Started by sebastian August 17, 2004
hi,

im a newbie in DSP and embedded programming and i've some doubts that
i hope some of you could kindly answer.

i've to do some profiling between DSP and ASIC/FPGA solutions. Im a
FPGA guy so im lost with this DSP thing.

1)
i'd like to know what do you think about the code i wrote, cause i
feel it's not very "DSP optimized". I need to implement some sort of
shiftregister or FIFO, because im to calculate a correlation, so
here's how i do it. (like i'd do in vhdl...)

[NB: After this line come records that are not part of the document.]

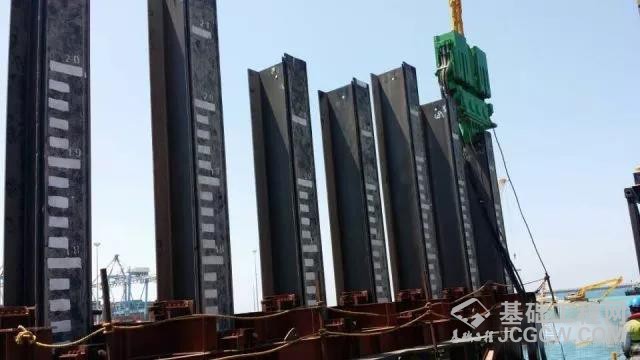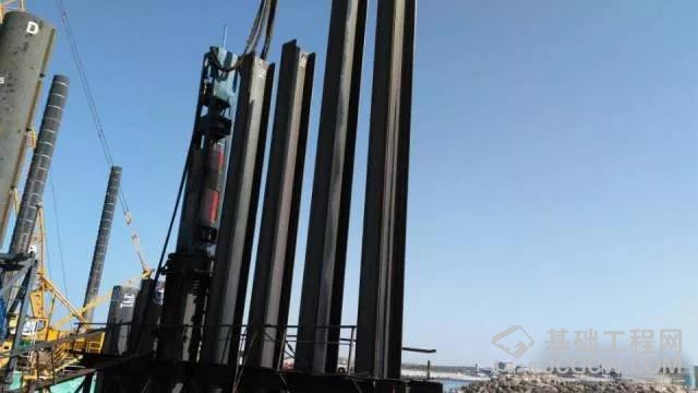 由于现场海底的土质比较松软,为了达到既定的承载能力,需保证钢管桩下沉不得少于30米,把打完桩后的钢管桩每3根焊接起来,这样就防止在打桩的过程中如果遇到其他钢管下沉的情况。这项工程比较复杂,施工的设备并不是在船舶上,而是在一个专门搭建的钢架平台上。这样的话施工设备可以更好地接近施工点的附近,可以同时施工好几根柱子。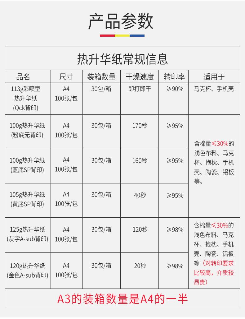 Papel de transferencia térmica A4/A3, papel de sublimación, papel de secado rápido, papel de transferencia de sublimación para tazas recubiertas, papel especial modal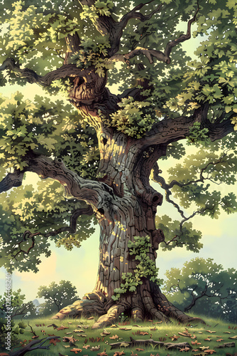 Majestic Oak Tree Illustration Captured at the Peak of Grandeur Encompassing Strength and Resilience Amidst a Serene Environment.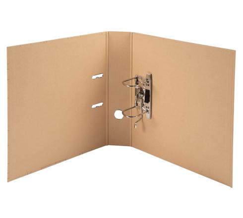 Der Ordner ist aus Recyclingkarton, mit Papier überzogen, das mit einer pflanzlichen Ölschicht beschichtet ist, durch die der Ordner wasserfest wird. Dies garantiert, dass der Ordner widerstandsfähig, langlebig und leicht zu recyceln ist, wenn man die Mechanik weglässt.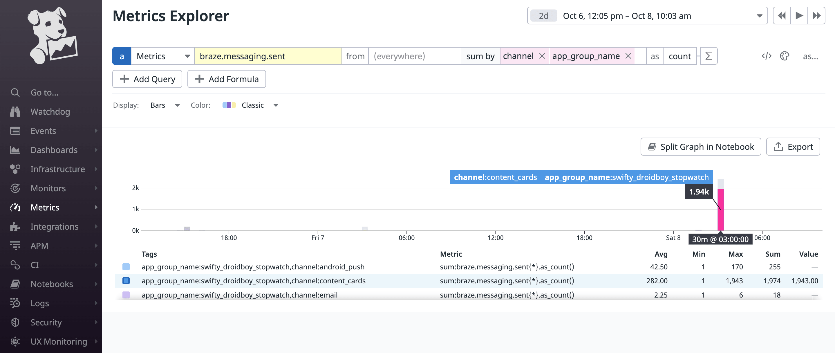 これらのイベントとタグは、DatadogMetrics Explorerページで監視できる。これらのメトリクスは、DataDogにディストリビューションとして記録される。指標の性質と、DataDog の集約とロールアップの不正確さを考慮して、Braze では、送信中に発生する可能性のある断続的なネットワークエラーやその他の DataDog API エラーの場合は再試行されません。つまり、これら指標の数値が、Braze ダッシュボードや Currents で表示される数値とは若干異なる可能性があります。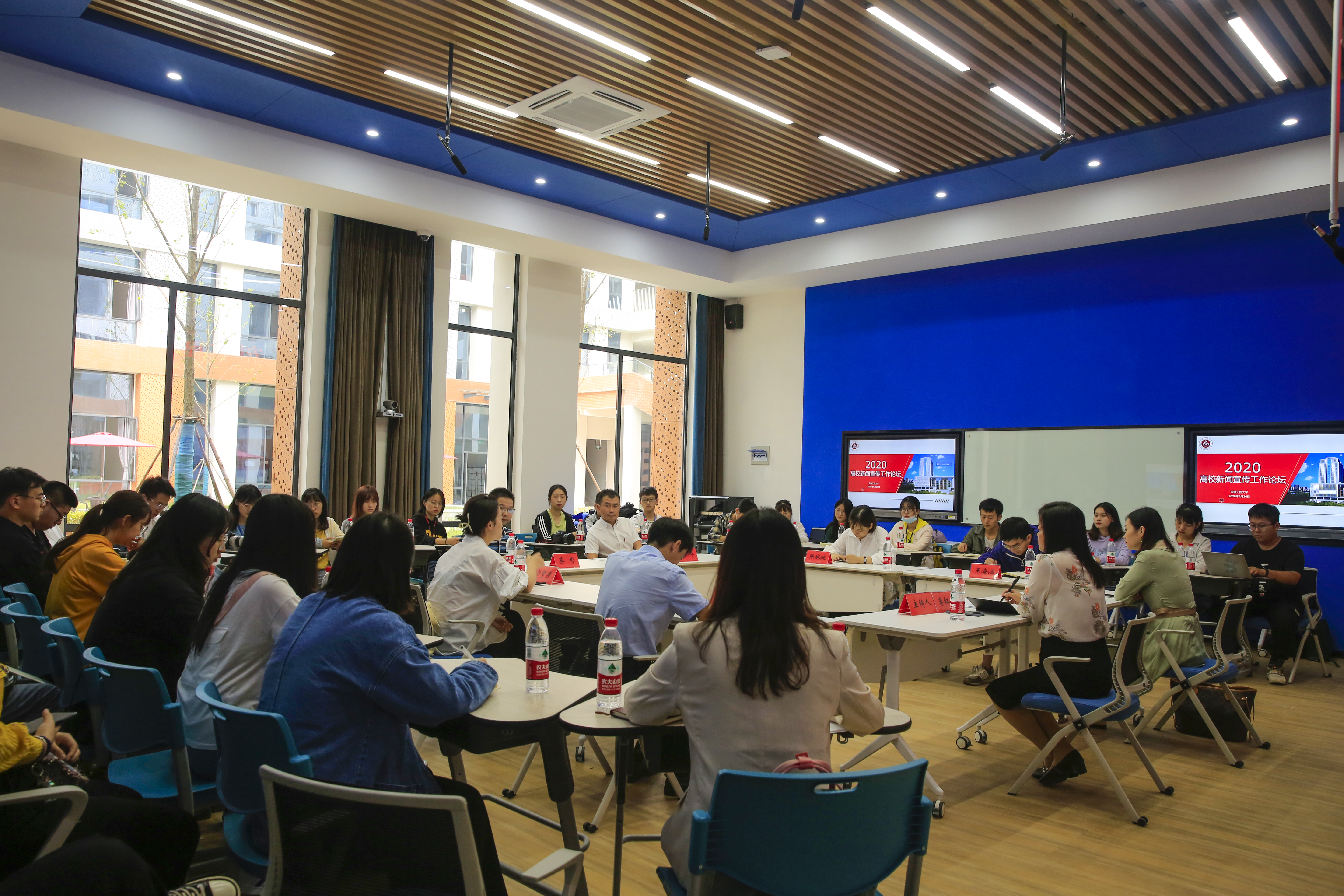 本网讯 9月26日,2020年我校新闻宣传工作论坛在我校国际工程师学院举办。新华社安徽分社记者周畅,人民网安徽频道记者戴超,中国教育报安徽记者站记者方梦宇,中国青年报安徽记者站记者王海涵,安徽日报记者陈婉婉,安徽教育网主编蔡彬,安徽青年报社新闻中心主任张华,应邀出席本次论坛。校宣传部全体人员、各校园媒体组织的指导老师和学生骨干代表参加本次论坛。论坛由宣传部副部长李红星主持。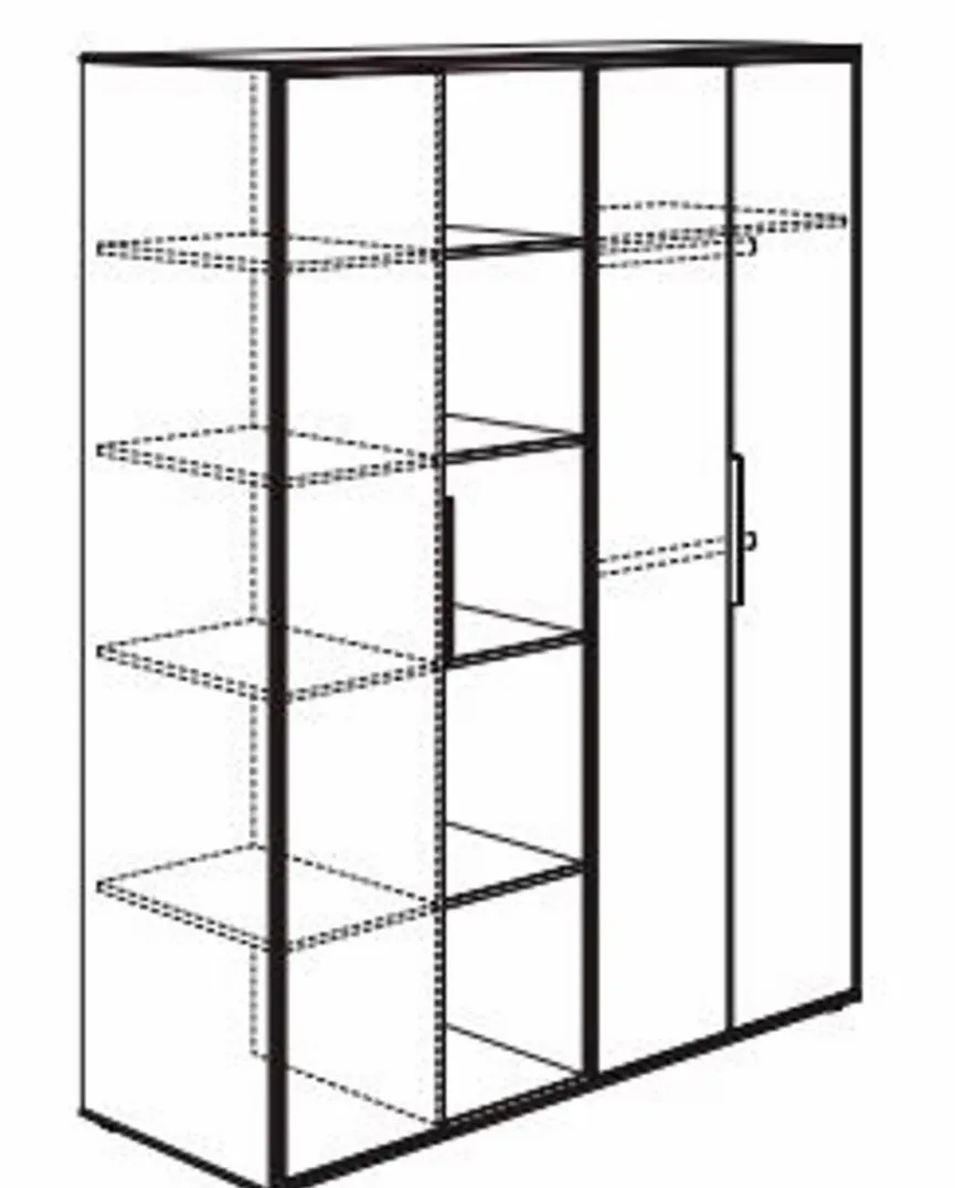 - Links mit 4 schmalen Einlegeböden, 5 offene Fächer mittig, rechts mit 1 breiten Einlegeboden und 2 Kleiderstangen

the input coming from an ADC is 10bits wide, so it'll be stored in a
"short"

#include....

#define FifoSize(x) (x+1)

// FIFO declarations
short FifoN[FifoSize(gN)];
short *FifoN_ptr_write = &FifoN[0];
short *FifoN_ptr_read = &FifoN[1];
short *FifoN_end_ptr = &FifoN[gN];

short input;
int multN;

// check for the end of FIFO (write), if yes, then wrap around
if (FifoN_ptr_write == FifoN_end_ptr)
{
     FifoN_ptr_write = &FifoN[0];
}

// write to the FIFO
*(FifoN_ptr_write++) = input;
	
// check for the end of FIFO (read), if yes, then wrap around
if (FifoN_ptr_read == FifoN_end_ptr)
  {
    FifoN_ptr_read = &FifoN[0];
  }

// calculate input * FIFO_output
multN = input * (*FifoN_ptr_read++)

....

EchR = EchR + multN - (*FifoD1_ptr_read++);


is this the best way to do it? or there's a better way to implement
the FIFOs?
should i "fix" for 20bits discarding the first 12? (i guess that's not
necesary)
will memory used by the FIFO be effectivelly stored in the cache?
can i use three operands at the right of the equal? or should i split
the expression?

2)
how about the ADC doing a DMA transfer to RAM and then the DSP reading
a whole chunk of data while the ADC performs the next DMA? it is
possible i guess.

3)
are there online tutorials or coding style guideliness for C for DSP?
sebastian wrote:

> hi, > > im a newbie in DSP and embedded programming and i've some doubts that > i hope some of you could kindly answer. > > i've to do some profiling between DSP and ASIC/FPGA solutions. Im a > FPGA guy so im lost with this DSP thing. > > 1) > i'd like to know what do you think about the code i wrote, cause i > feel it's not very "DSP optimized". I need to implement some sort of > shiftregister or FIFO, because im to calculate a correlation, so > here's how i do it. (like i'd do in vhdl...)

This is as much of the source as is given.